* _Collected data_
━━━━━━━━
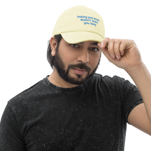 Hating Pop Music Doesn't Make You Deep Embroidered Pastel Baseball Cap
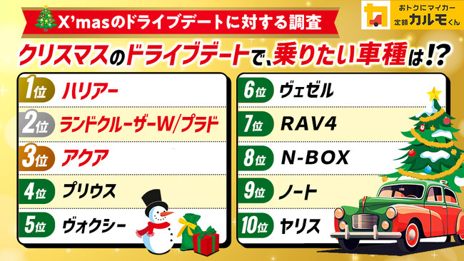 クリスマスデートで乗りたい車No.1は「ハリアー」ドライブデートでかけたい曲No.1は backnumberの「クリスマスソング」
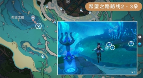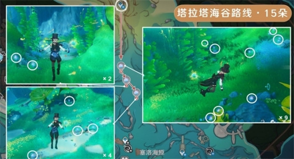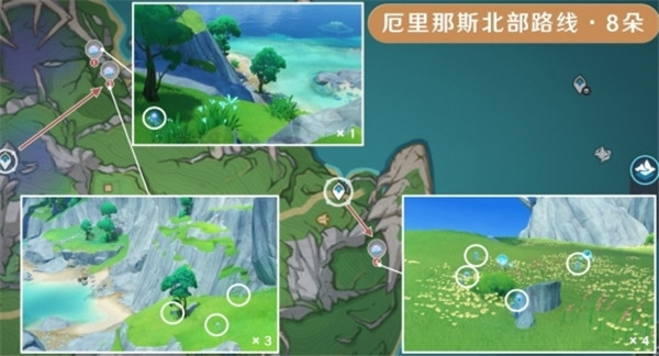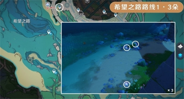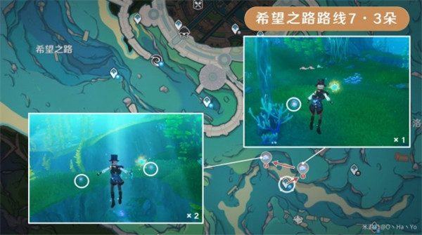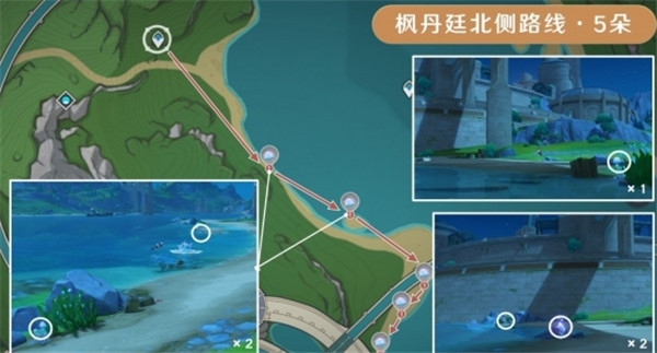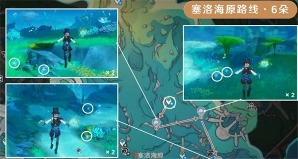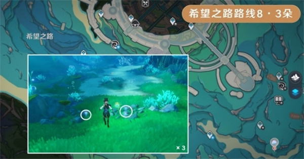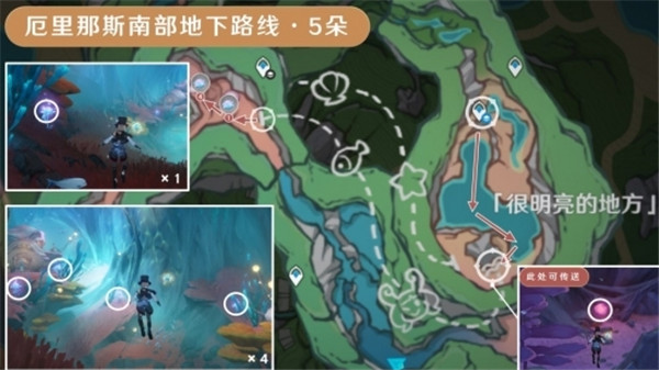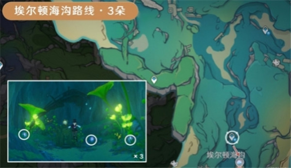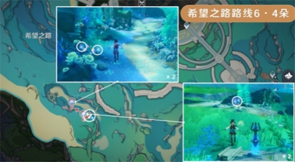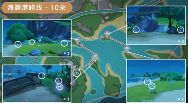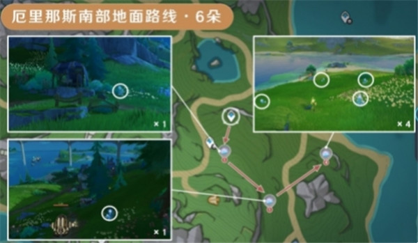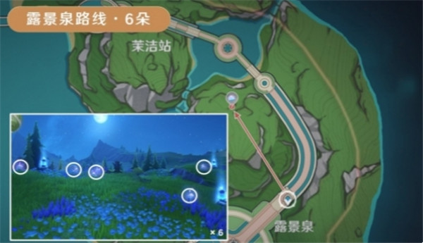 海露花的位置分布还挺多的,旅行者们跟着路线来采集就行~
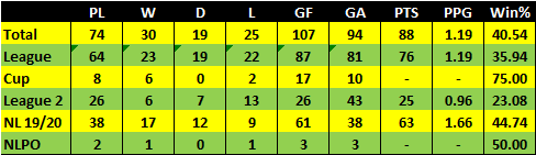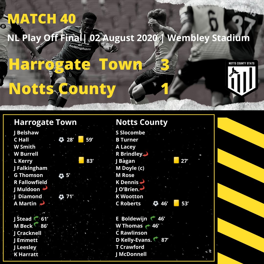Including the two play off games Notts have played 40 NL matches, scored 64 goals and conceded 41 giving a goal difference of +23.
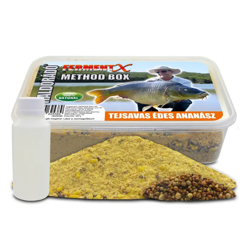 A Haldorádó FermentX Method Box a népszerű fermentált etetőanyagok kifejezetten method feeder technikára optimalizált változata. A felmelegedett vizekben már bizonyított FermentX keverékek most olyan formában érhetők el, amelyekkel nincs szükség külön előkészítésre, szitálásra vagy szemcseméret-igazításra – minden adott a gyors és eredményes horgászathoz.
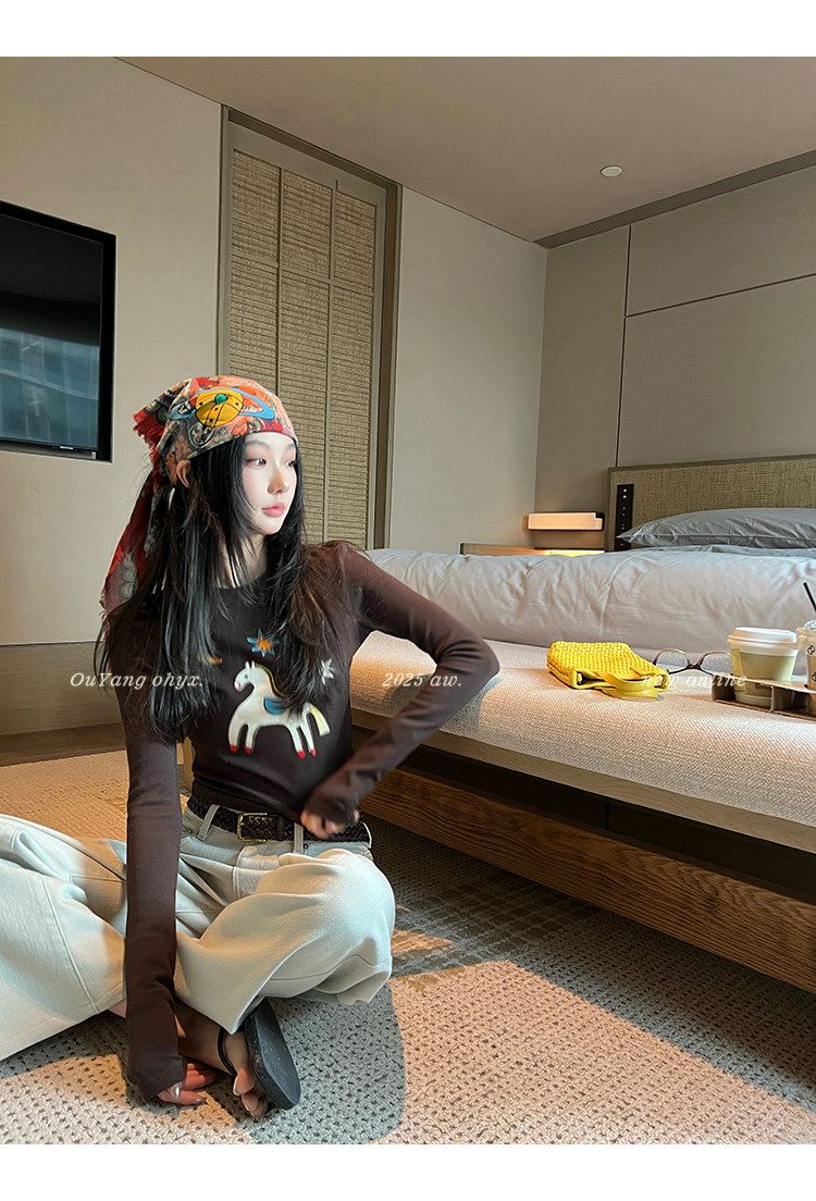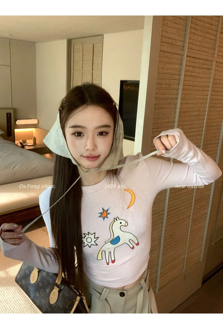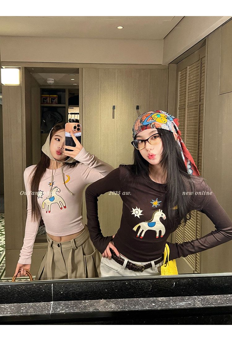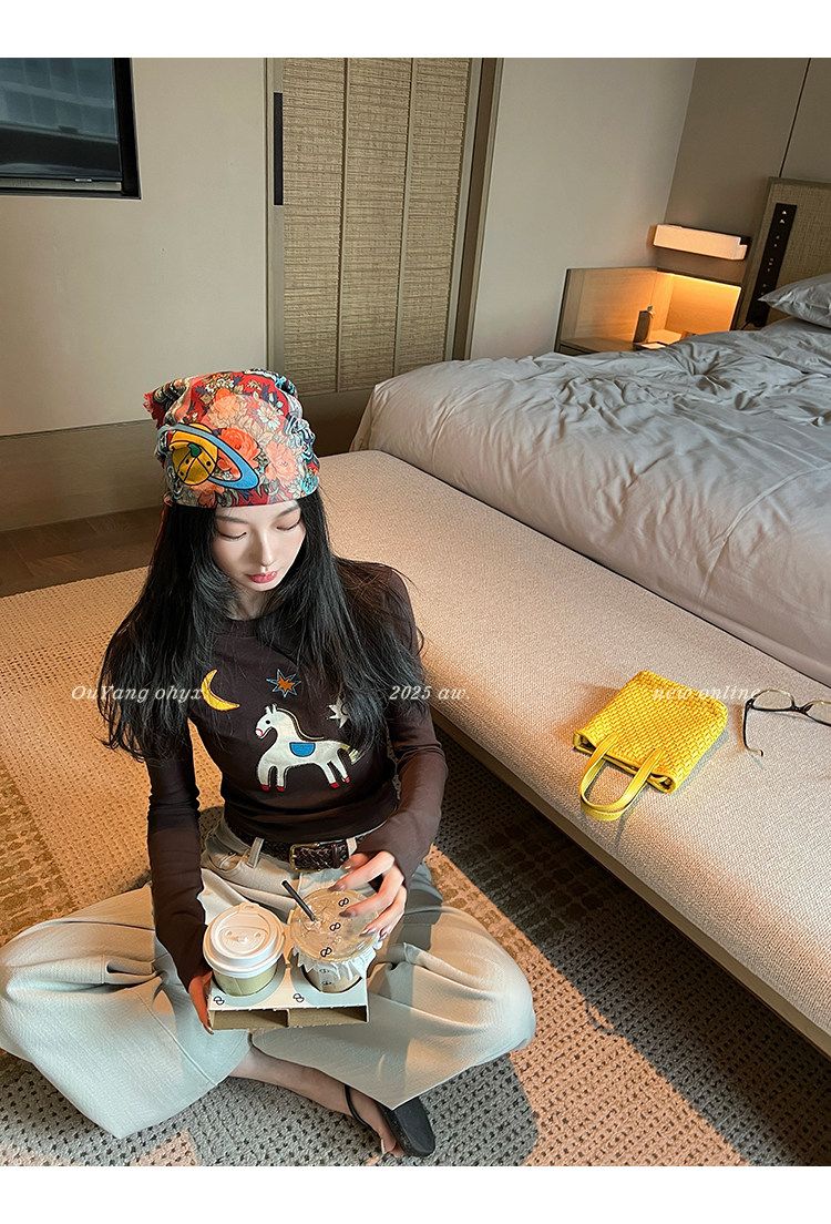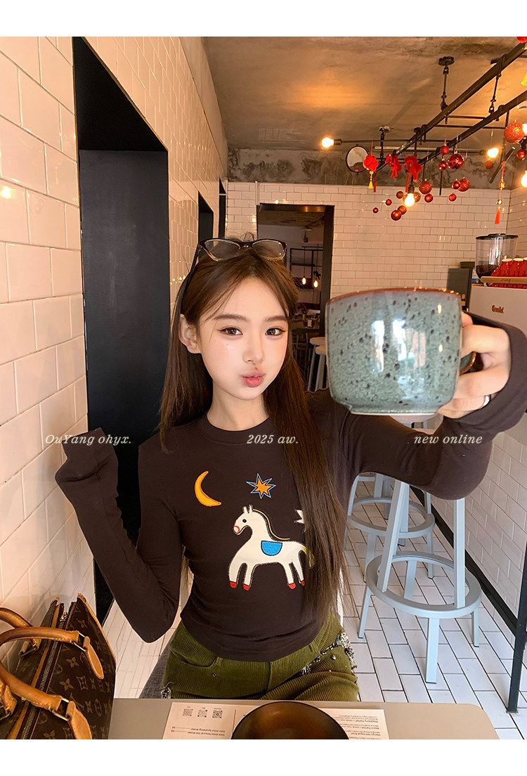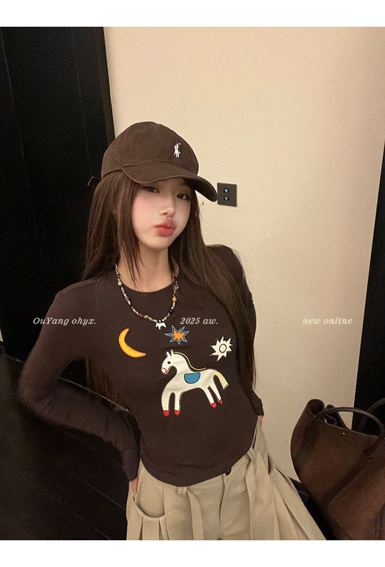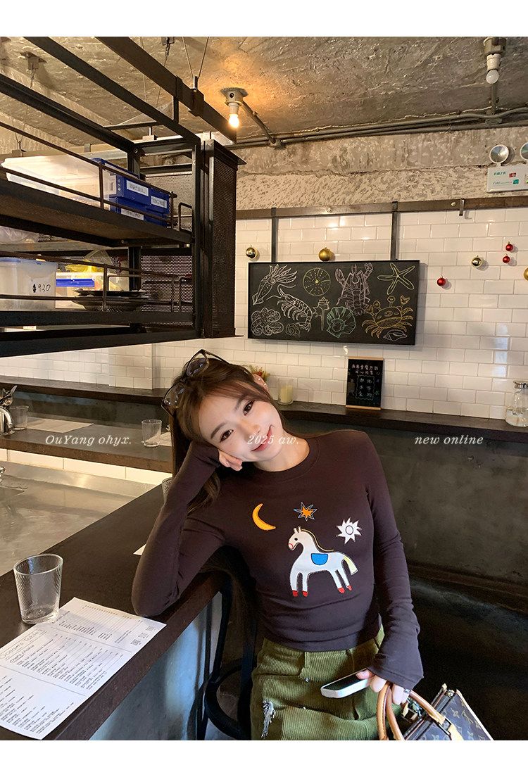 봄 여름 새로운 사람들 면 한 부서 자수 긴팔 기본 셔츠 티셔츠 여성 새로운 몸매 가꾸기 슬림해 보이는 고급 센스 맨위
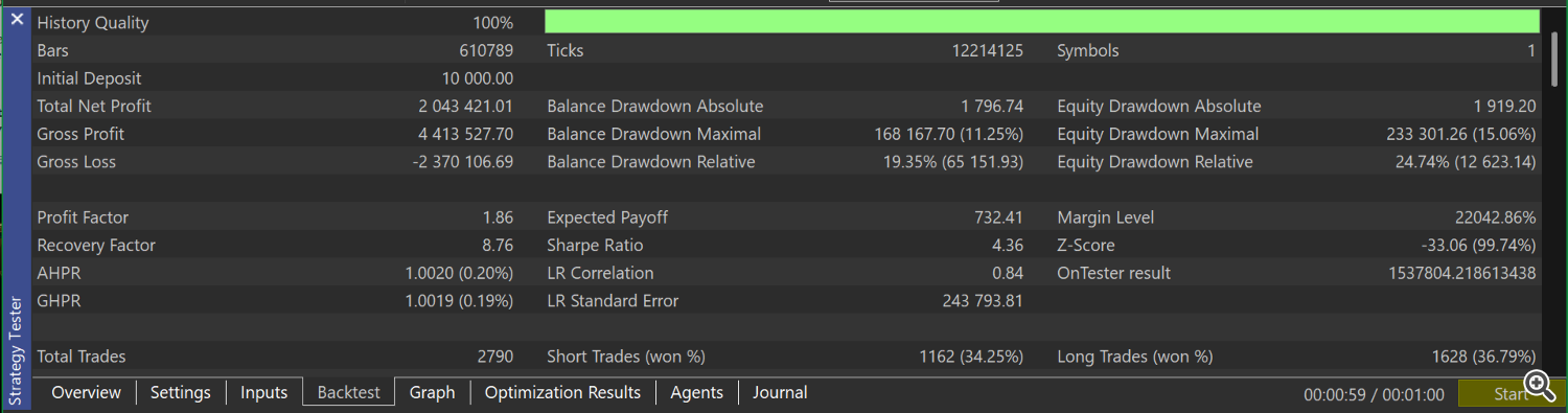 Right here ethusdt backtest based mostly on binance information (free obtain). Default settings.
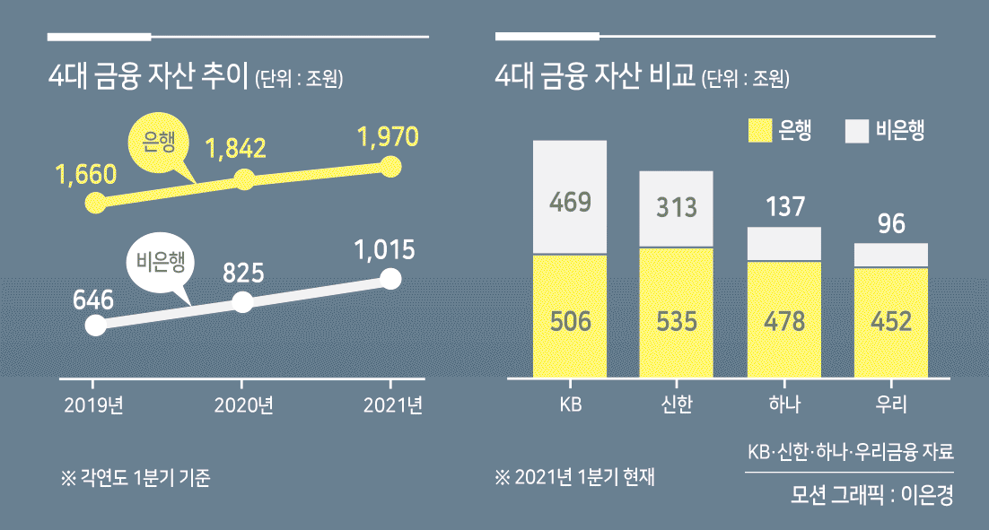 3월 말 기준 은행 자산은 1970조원으로, 전년 같은 기간 대비 7.0%(129조원) 증가해 2000조원에 근접했다. 비은행 자산은 1015조원으로, 전년 동기 대비 23.1%(191조원) 늘어 증가폭과 증가율 모두 은행을 크게 웃돌았다. 비은행 부문의 약진으로 4대 금융 내에서 비은행 자산이 차지하는 비중은 올 34.0%까지 올라왔다. 불과 2년 전인 2019년 1분기(28.0%)만 해도 30%가 채 되지 않았다.
━━━━━━━━
* _WORK REQUEST_
Word for word, repeat only the lines from the line containing "Right here ethusdt" through the end of the data, without any pictures.

* _SOLUTION TO THIS PROBLEM_
 Right here ethusdt backtest based mostly on binance information (free obtain). Default settings.
 3월 말 기준 은행 자산은 1970조원으로, 전년 같은 기간 대비 7.0%(129조원) 증가해 2000조원에 근접했다. 비은행 자산은 1015조원으로, 전년 동기 대비 23.1%(191조원) 늘어 증가폭과 증가율 모두 은행을 크게 웃돌았다. 비은행 부문의 약진으로 4대 금융 내에서 비은행 자산이 차지하는 비중은 올 34.0%까지 올라왔다. 불과 2년 전인 2019년 1분기(28.0%)만 해도 30%가 채 되지 않았다.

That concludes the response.